# [EXERCISE INSTRUCTIONS]
Images are to be excluded, and the rest of the data repeated exactly.

# [DATA PROVIDED]
------
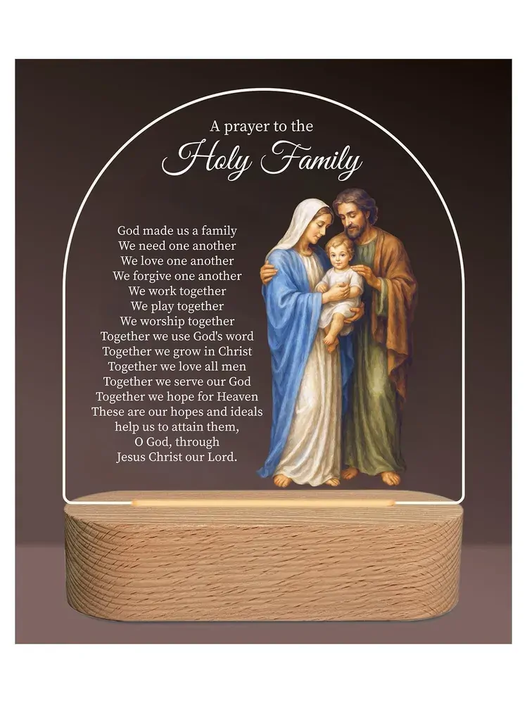A lovely LED light stand featuring a wooden base and an image of the Holy Family.
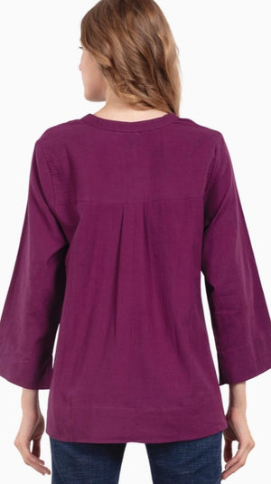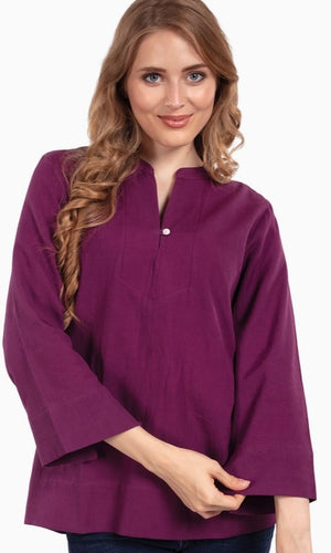Our Flax Linen Tunics are made with 100% flax linen material which is luxuriously soft, breathable, and low maintenance. This elegant Fair Trade tunic features a stand collar, slit neck with button, cuffed sleeve with slits, and pleats at the back.
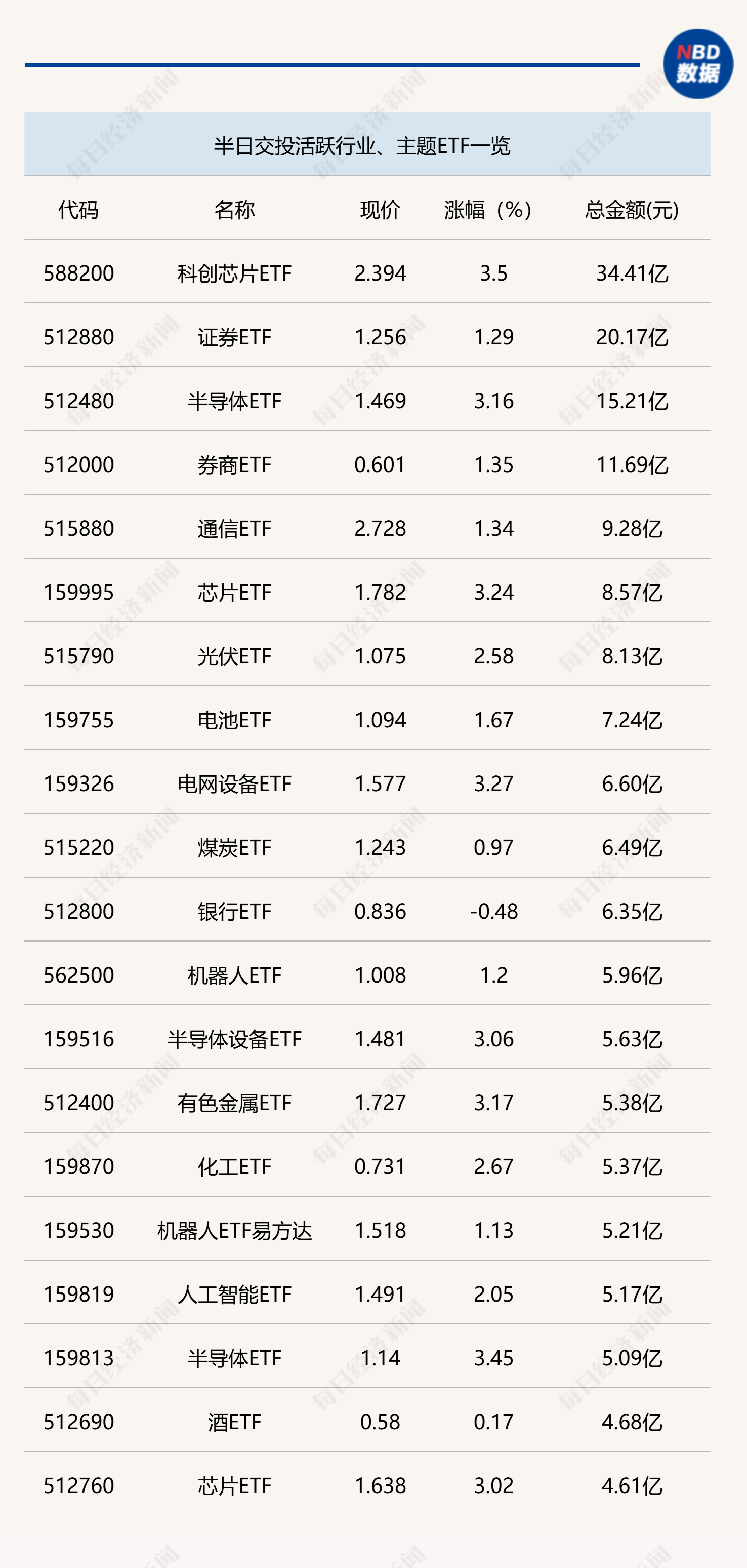 ETF漲幅榜上,半導(dǎo)體產(chǎn)業(yè)ETF(159582)和半導(dǎo)體設(shè)備ETF(561980)半日漲幅近4%,領(lǐng)漲整個(gè)ETF市場,光伏ETF、有色ETF以及電網(wǎng)設(shè)備ETF同樣表現(xiàn)搶眼,多只相關(guān)ETF半日漲幅超3%。
------
# [FINISHED EXERCISE]
A lovely LED light stand featuring a wooden base and an image of the Holy Family.
Our Flax Linen Tunics are made with 100% flax linen material which is luxuriously soft, breathable, and low maintenance. This elegant Fair Trade tunic features a stand collar, slit neck with button, cuffed sleeve with slits, and pleats at the back.
 ETF漲幅榜上,半導(dǎo)體產(chǎn)業(yè)ETF(159582)和半導(dǎo)體設(shè)備ETF(561980)半日漲幅近4%,領(lǐng)漲整個(gè)ETF市場,光伏ETF、有色ETF以及電網(wǎng)設(shè)備ETF同樣表現(xiàn)搶眼,多只相關(guān)ETF半日漲幅超3%。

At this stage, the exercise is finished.